» **DATA SHOWN**
- - -

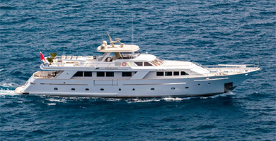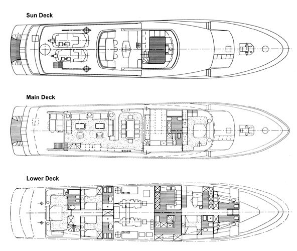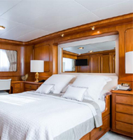 Exterior living is well-appointed over 2 levels, allowing guests a most enjoyable charter experience. The shaded aft deck of this CODECASA boasts a comfortable seating area with alfresco dining and direct access to the salon as well as to the extended swim platform. On the foredeck are raised sunpads for the sun worshipers.
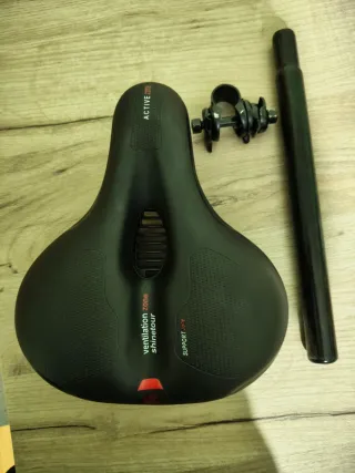 Sillín de bicicleta Selle Royal 2058. Las medidas son 145mm ancho, 285mm de largo y 315 gr de peso según fabricante. En color negro. Quitado de una bicicleta nueva por lo que está sin usar. Es bastante cómodo.
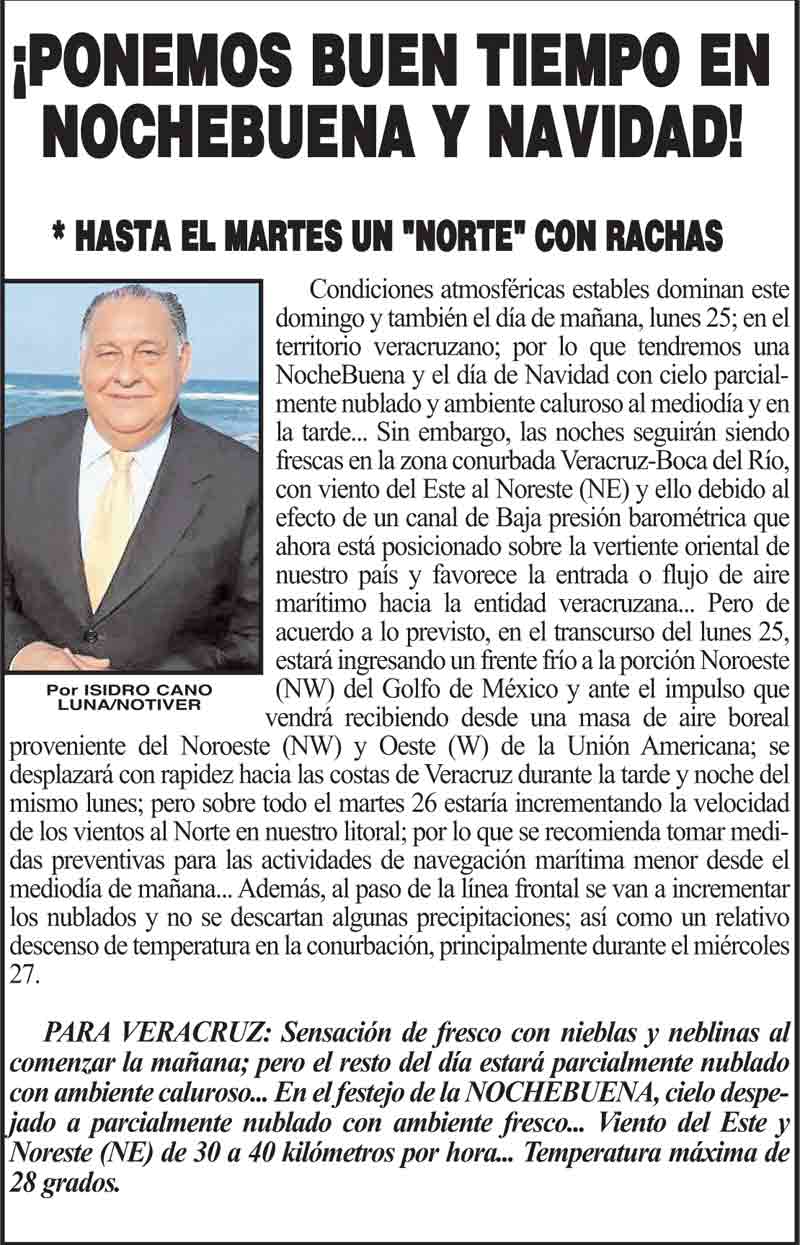 PRIMERA ¡PONEMOS BUEN TIEMPO EN NOCHEBUENA Y NAVIDAD! * HASTA EL MARTES UN "NORTE" CON RACHAS 24 diciembre 2023 Más Noticias ¡YA HAY TERNA! - RAÚL PEIMBERT EN LA LISTA ¡“CEMENTERIO”! - DE ULÚAS ¡INAUGURA PATY OTRA CALLE! ¡NO LE CREYERON! - Y LO BUSCAN NOTI-MEME | - ECOS DEL INFORME! ¡VERÓNICA VA CON NAHLE! - Y AL CONGRESO ¡“FAST TRACK”! - *Mientras el Mariner salía y entraba de Pajaritos en Coatzacoalcos ¡OPERATIVO LUPE-REYES! ¡MANDAN LA BILLETIZA! - *Corea manda 150 mil dólares ¡CRISTINA GANA LA ELECCIÓN!
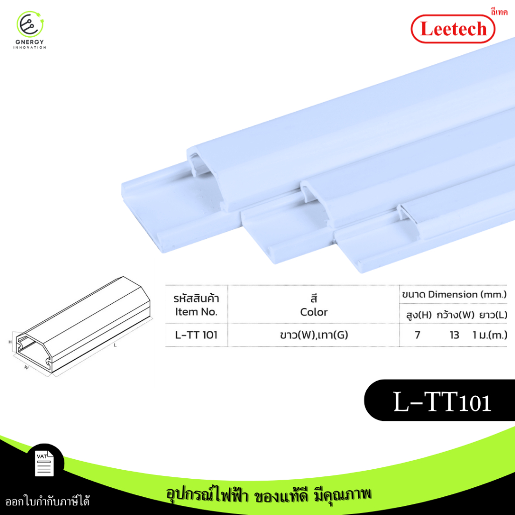 (สีขาว)Leetech รางเก็บสายไฟ รางเก็บสายโทรศัพท์ pvc ความยาว 1เมตร มีเทปกาวด้านหลัง
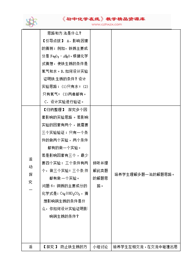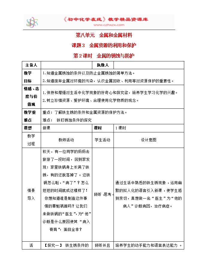 【内容简介】2020年春人教版九年级化学下册《课题8.3金属资源的利用和保护(第2课时)》教学设计
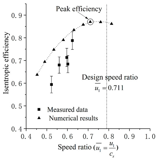 It is noticed that the numerical approach provided more wide-range data than the measured one, and the predicted peak efficiency resided at a speed ratio of 0.71, which is consistent with the ideal theoretical optimal value suggested in [57] (i.e., ).
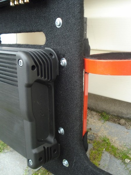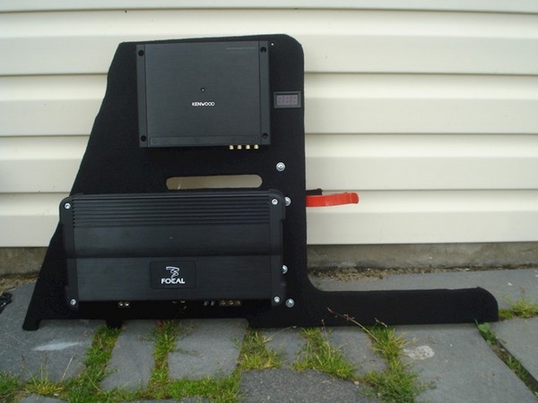 Долго думал, как закрепить усилители в авто. Система поканальная + саб. Много читал бортовые журналы, кто к спинкам сидений крепит это извиняюсь колхоз, кто фальшпол делает, этот вариант мне не нравился тем, что красоты не будет. Нужно чтоб и играло, и смотрелось. Предлагаю к вниманию такой вариант: первым делом напилил фанерину, по образу багажника, чтобы вошли оба усилителя. Сразу продумал отверстия для их охлаждения, подключения, крепления, подключения проводки, под вольтметр, крепление огнетушителя.

- - -

Transcribe every entry word for word, excluding images.

» **OUTPUT FOR THIS EXERCISE**
 Exterior living is well-appointed over 2 levels, allowing guests a most enjoyable charter experience. The shaded aft deck of this CODECASA boasts a comfortable seating area with alfresco dining and direct access to the salon as well as to the extended swim platform. On the foredeck are raised sunpads for the sun worshipers.
 Sillín de bicicleta Selle Royal 2058. Las medidas son 145mm ancho, 285mm de largo y 315 gr de peso según fabricante. En color negro. Quitado de una bicicleta nueva por lo que está sin usar. Es bastante cómodo.
 PRIMERA ¡PONEMOS BUEN TIEMPO EN NOCHEBUENA Y NAVIDAD! * HASTA EL MARTES UN "NORTE" CON RACHAS 24 diciembre 2023 Más Noticias ¡YA HAY TERNA! - RAÚL PEIMBERT EN LA LISTA ¡“CEMENTERIO”! - DE ULÚAS ¡INAUGURA PATY OTRA CALLE! ¡NO LE CREYERON! - Y LO BUSCAN NOTI-MEME | - ECOS DEL INFORME! ¡VERÓNICA VA CON NAHLE! - Y AL CONGRESO ¡“FAST TRACK”! - *Mientras el Mariner salía y entraba de Pajaritos en Coatzacoalcos ¡OPERATIVO LUPE-REYES! ¡MANDAN LA BILLETIZA! - *Corea manda 150 mil dólares ¡CRISTINA GANA LA ELECCIÓN!
 (สีขาว)Leetech รางเก็บสายไฟ รางเก็บสายโทรศัพท์ pvc ความยาว 1เมตร มีเทปกาวด้านหลัง
 【内容简介】2020年春人教版九年级化学下册《课题8.3金属资源的利用和保护(第2课时)》教学设计
 It is noticed that the numerical approach provided more wide-range data than the measured one, and the predicted peak efficiency resided at a speed ratio of 0.71, which is consistent with the ideal theoretical optimal value suggested in [57] (i.e., ).
 Долго думал, как закрепить усилители в авто. Система поканальная + саб. Много читал бортовые журналы, кто к спинкам сидений крепит это извиняюсь колхоз, кто фальшпол делает, этот вариант мне не нравился тем, что красоты не будет. Нужно чтоб и играло, и смотрелось. Предлагаю к вниманию такой вариант: первым делом напилил фанерину, по образу багажника, чтобы вошли оба усилителя. Сразу продумал отверстия для их охлаждения, подключения, крепления, подключения проводки, под вольтметр, крепление огнетушителя.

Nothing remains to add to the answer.